[Data for the task]

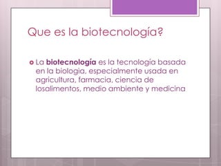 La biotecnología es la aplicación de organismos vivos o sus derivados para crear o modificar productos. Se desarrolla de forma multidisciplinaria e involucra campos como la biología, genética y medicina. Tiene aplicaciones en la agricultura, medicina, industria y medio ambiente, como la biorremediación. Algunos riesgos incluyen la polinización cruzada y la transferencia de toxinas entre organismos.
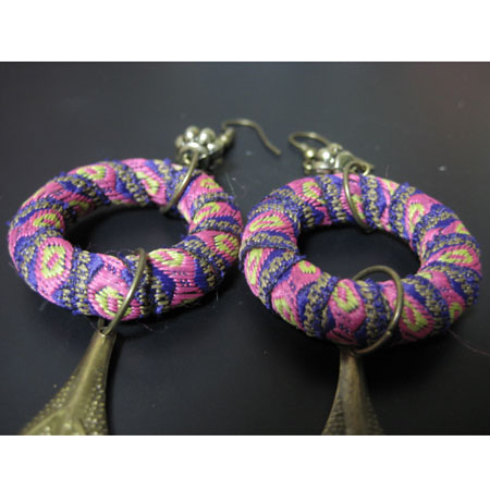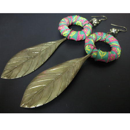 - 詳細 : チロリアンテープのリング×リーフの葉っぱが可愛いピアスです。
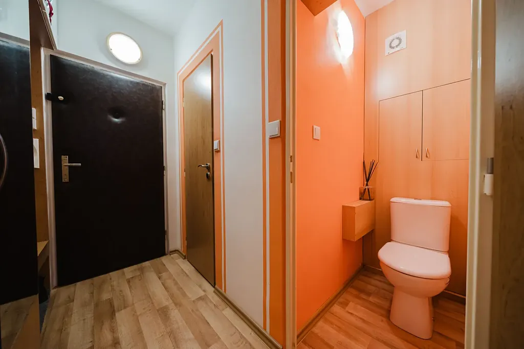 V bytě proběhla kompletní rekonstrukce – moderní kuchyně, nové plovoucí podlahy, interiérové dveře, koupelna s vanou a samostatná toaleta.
...
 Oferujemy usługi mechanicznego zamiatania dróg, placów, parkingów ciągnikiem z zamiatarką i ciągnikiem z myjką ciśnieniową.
* * *
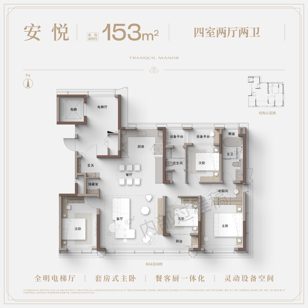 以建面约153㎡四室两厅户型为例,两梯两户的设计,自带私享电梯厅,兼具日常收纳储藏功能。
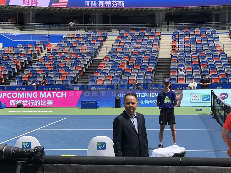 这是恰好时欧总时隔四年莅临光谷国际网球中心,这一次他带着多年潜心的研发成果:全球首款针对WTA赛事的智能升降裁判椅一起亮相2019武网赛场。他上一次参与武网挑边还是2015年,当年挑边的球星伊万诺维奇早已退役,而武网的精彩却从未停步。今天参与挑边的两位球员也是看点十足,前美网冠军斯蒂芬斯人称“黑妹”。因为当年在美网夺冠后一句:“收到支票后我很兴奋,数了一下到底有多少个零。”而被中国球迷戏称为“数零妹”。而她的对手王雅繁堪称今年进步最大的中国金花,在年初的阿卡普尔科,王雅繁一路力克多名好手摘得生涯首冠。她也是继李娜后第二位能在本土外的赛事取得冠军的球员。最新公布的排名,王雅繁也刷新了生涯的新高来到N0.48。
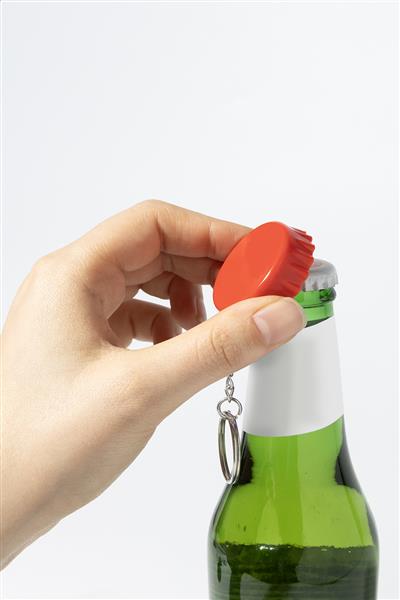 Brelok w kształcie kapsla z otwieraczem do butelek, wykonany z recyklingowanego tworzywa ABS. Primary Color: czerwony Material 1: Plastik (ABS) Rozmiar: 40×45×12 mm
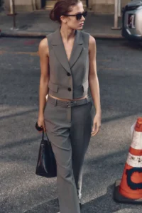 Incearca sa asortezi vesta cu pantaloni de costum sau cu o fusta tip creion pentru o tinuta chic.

[How to complete this task] Above are the records; please give again, exactly and in full, only the lines that run from the line with "La biotecnología es" through the line with "V bytě proběhla", with no pictures.

[Your solution]
 La biotecnología es la aplicación de organismos vivos o sus derivados para crear o modificar productos. Se desarrolla de forma multidisciplinaria e involucra campos como la biología, genética y medicina. Tiene aplicaciones en la agricultura, medicina, industria y medio ambiente, como la biorremediación. Algunos riesgos incluyen la polinización cruzada y la transferencia de toxinas entre organismos.
 - 詳細 : チロリアンテープのリング×リーフの葉っぱが可愛いピアスです。
 V bytě proběhla kompletní rekonstrukce – moderní kuchyně, nové plovoucí podlahy, interiérové dveře, koupelna s vanou a samostatná toaleta.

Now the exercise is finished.